# Disneyworld on 4th of July



## jdunn1 (Aug 6, 2013)

Hello Tug friends.  Anyone been to Disneyworld on the 4th of July?  I'll be checking into Saratoga on the 4th so we won't do any parks but does Downtown Disney do fireworks on the 4th?  

Also, we will be exchaning in and I am debating about the dining plan.  It is expensive and a lot of food so I doubt we will do it but if so, do we pay the same rate DVC members pay?  No hate responses about that being a DVC member only perk, please -- I am just asking.  

One more question, what are the crowds like after the 4th of July?  

Thanks.

-Jim


----------



## sjsharkie (Aug 6, 2013)

I'll answer the last question ... I assume you mean for 2014 and not some other year beyond that.

It depends on when July 4th falls.  For 2014, that's a Friday.  Summers are crowded, and the long holiday weekend will likely make it extra crowded.  Jam packed to be exact.

I'd expect crowds to taper a bit after the weekend, but you will still face summer crowds the following week.

-ryan


----------



## Saintsfanfl (Aug 6, 2013)

There are no fireworks at Downtown Disney. They have zero capacity to handle anything remotely close to a July 4th fireworks show. In other words, they are at maximum capacity as it is during that time of year, and most every weekend during the summer.
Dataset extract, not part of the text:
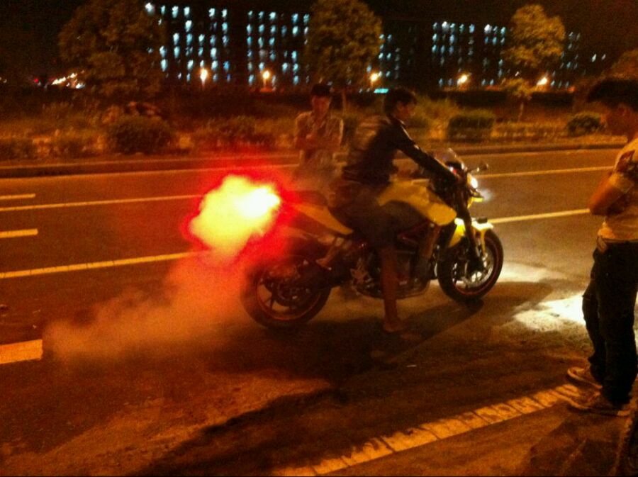 那是灯光效果,我后轮原地烧胎,烟起来的时候灯光一射就好像着火一样

The crowds are massive. Downtown Disney is always a parking nightmare all summer long, especially for those unaware of the very large back parking lot. It is also not uncommon for some of the parks to hit maximum capacity around that time of year. It usually happens a few days that week and a few days during Christmas.


----------



## jdunn1 (Aug 6, 2013)

Thanks. I've been to disney on Easter and that was really crowded and I have bend to disney in mid June.  Both times were really crowded but Easter was dead until about 11am then the parks really filled up. Mid June I thought the parks were corded almost as much as Easter but the parks were not open nearly as long as they were on Easter. Odd. I'll prepare for large crowds and plan to hit the big rides first thing in the morning. I can't imagine disneyworld being any more crowded in July than they were on Easter or mid June.  

I also know how corded downtown disney gets. That place is a wreck at night but I think it is fun.  I just wasn't sure if they do fireworks on the forth of July at downtown disney but I guess they do not.  Believe it or not when Saratoga springs was new they did do fireworks there.   They stopped that for some reason though.  The reasort is even built with soundproofed windows because of the fireworks. 
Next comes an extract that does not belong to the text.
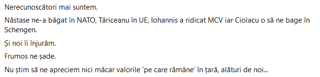 “Pentru că vă este bine, pentru că aveţi IKEA, Ryanair, Blue Air, Carrefour, Mega Image, e-Mag, H&M, Zara, Starbucks, aţi lăsat puterea PSD, pentru că ei ştiu ce să facă cu ea.

I have a feeling the small discount DVC owners get on the dining plan (and with think the discount is more so that the rate changes have not caught up to DVC owners yet) was also given to exchangers since I would need to add that on through member services. 

Thanks.


----------



## Lisa P (Aug 7, 2013)

You must mean renting or through a private owner-to-owner exchange, not "exchanging" through an exchange company.    DVC has not given deposits to RCI, their exchange company, for July 2014 yet.  Anyway, it sounds like you've experienced high season crowds and they don't bother you.  It's usually a little hotter and steamier in July.  Personally, we get a bit cranky with high crowds and steamy weather.  But some folks love it.  So enjoy!


----------



## MichaelColey (Aug 7, 2013)

There is no DVC discount on the dining plan, that I know of. Perhaps you are thinking of the Tables in Wonderland card?

Expect 30-60 minute lines on second tier rides and 2-4 hour waits on headliners, after about the first hour. It will be crazy.


----------



## jdunn1 (Aug 7, 2013)

I remember reading on some DVC site that the dining plan increases for 2014 had not yet caught up to DVC members.  I thought DVC members pay a set amount for the dining plan (whatever the regular rate is) and do not get charged the extra dollar or two disney charges for peak times.  

No big deal for me but if the rates are cheaper now, that might help me decide.  As it this trip is about 11 months out so I can take my time to decide.

I have to wait another day or two for the exchange to go through, anyway.  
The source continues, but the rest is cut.